The song is also regularly played at stock car racing events at Cowdenbeath Racewall, especially at the annual memorial race in tribute to Raymond Gunn, a driver who lost his life at the venue in 2003.

==Multiple releases==
"Dignity" has been officially released as a single three times. It was first released as the lead single of the band's first album Raintown. The single failed to chart in the UK, although it did reach the lower region of the charts in the Netherlands, and sales on the album were slow to start. The 12" version of the first release featured a different vocal and alternate lyrics. After the release of two subsequent singles, "Dignity" was re-recorded in November 1987 by Bob Clearmountain and re-released in January 1988 as the fourth single (and second release of "Dignity"). The second release charted on the UK Singles Chart and its success helped increase sales of Raintown.

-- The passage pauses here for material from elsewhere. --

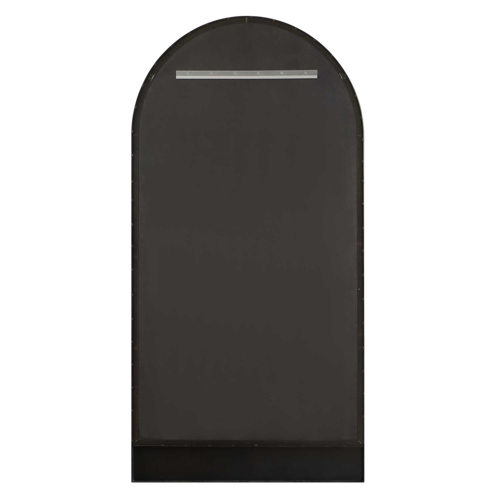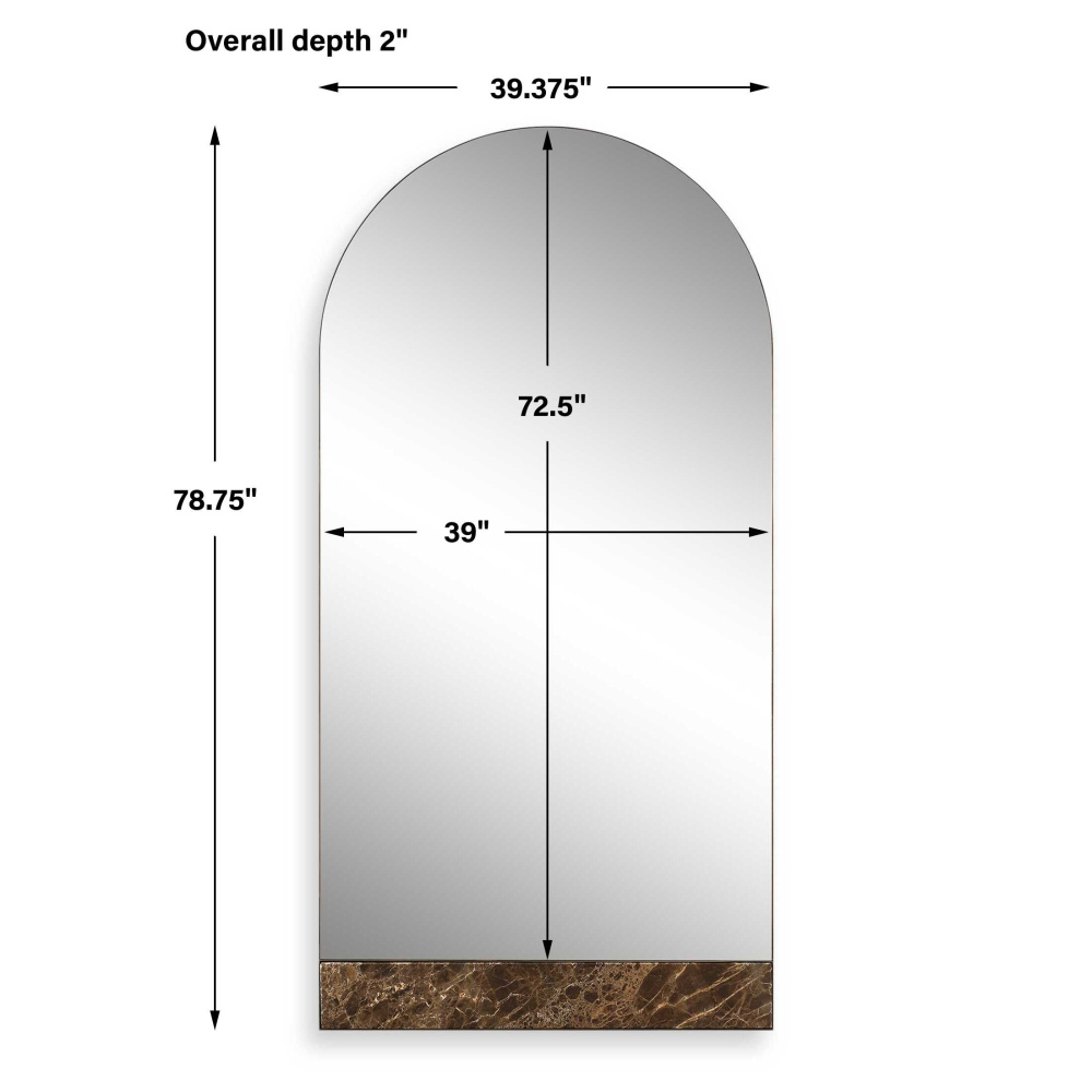 This Oversized Arch Mirror Features A Thick Dark Bronze Iron Frame, Complemented With An Emperador Brown Marble Slab With Subtle Beveled Edges.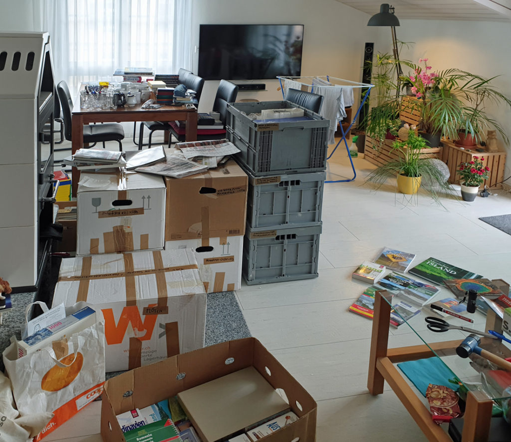 Und dank der starken Männer von der Hauruck AG sind auch die Möbel und die gepackten Kisten bereits eingelagert.

"Dignity" was released for a third time as the second single from Deacon Blue's first greatest hits compilation Our Town - The Greatest Hits. During the third release, two companion CD singles were released—one with the original version of "Dignity" and one with the Bob Clearmountain re-recording.

==Track listings==
All songs written by Ricky Ross, except where noted:

===Dignity (1st release) (March 1987)===
7" single (Deac 1)
1. "Dignity" - 4:00
2. "Riches" - 2:39

Cassette single (XPC 4011) (packaged with 7" single)
1. "Dignity" - 4:00
2. "Riches" - 2:39
3. Edited excerpts of songs from Raintown

12" single (Deac t1)
1. "Dignity (12" Version)"
2. "Riches" (12" Version)"
3. "Ribbons and Bows" - 4:18

===Dignity (2nd release) (January 1988)===
7" single (Deac 4)
1. "Dignity [Bob Clearmountain recording]" - 4:13
2. "Suffering" - 2:44

7" extended play single (Deac ep4)
1. "Dignity [Bob Clearmountain recording]" - 4:13
2. "Suffering" - 2:44
3. "Raintown (Piano Version)" - 3:40
4. "Ronnie Spector" (Ross, Kelling, Prime) - 3:29

10" single (Deac q4)
1. "Dignity [Bob Clearmountain recording]" - 4:13
2. "Suffering" - 2:44
3. "Shifting Sand" (Ross, Prime) - 3:18

12" single (Deac t4)
1. "Dignity [Bob Clearmountain recording] (Extended Version)"
2. "Just Like Boys" (Ross, Prime) - 3:13
3. "Shifting Sand" (Ross, Prime) - 3:18
4. "Ronnie Spector" (Ross, Kelling, Prime) - 3:29

CD single (CDDeac 4)
1. "Dignity [Bob Clearmountain recording]"
2. "Suffering" - 2:44
3. "Just Like Boys" (Ross, Prime) - 3:13
4. "Shifting Sand" (Ross, Prime) - 3:18

===Dignity (3rd release) (May 1994)===
Cassette single (660448 4)
1. "Dignity [Bob Clearmountain recording]" - 4:16
2. "Beautiful Stranger" (Ross, Prime) - 3:54

CD single A (660448 2)
1. "Dignity [Bob Clearmountain recording]" - 4:16
2. "Beautiful Stranger" (Ross, Prime) - 3:54
3. "Waves of Sorrow (Piano and Vocal Version)" - 3:25
4. "Bethlehem's Gate (Piano and Vocal Version)" - 3:33

CD single B (660448 5)
1. "Dignity" - 4:03
2. "Fergus Sings the Blues (Live from the Hammersmith Odeon, 22.04.93)" (Ross, Prime) - 4:10
3. "Loaded (Live from the Hammersmith Odeon, 22.04.93)" - 3:51
4. "Chocolate Girl (Live from the Hammersmith Odeon, 22.04.93) [with "My Girl" melody]" - 6:22

==Charts==

===Weekly charts===

| Chart (1987) | Peak position |
|---|---|
| Dutch GfK chart | 45 |
| Italy Airplay (Music & Media) | 15 |

| Chart (1988) | Peak position |
|---|---|
| UK Singles Chart | 31 |
| US Billboard Mainstream Rock Tracks | 22 |

| Chart (1994) | Peak position |
|---|---|
| UK Singles Chart | 20 |

==Certifications==

| Region | Certification | Certified units/sales |
| United Kingdom (BPI) | Gold | 400,000^{‡} |
^{‡} Sales+streaming figures based on certification alone.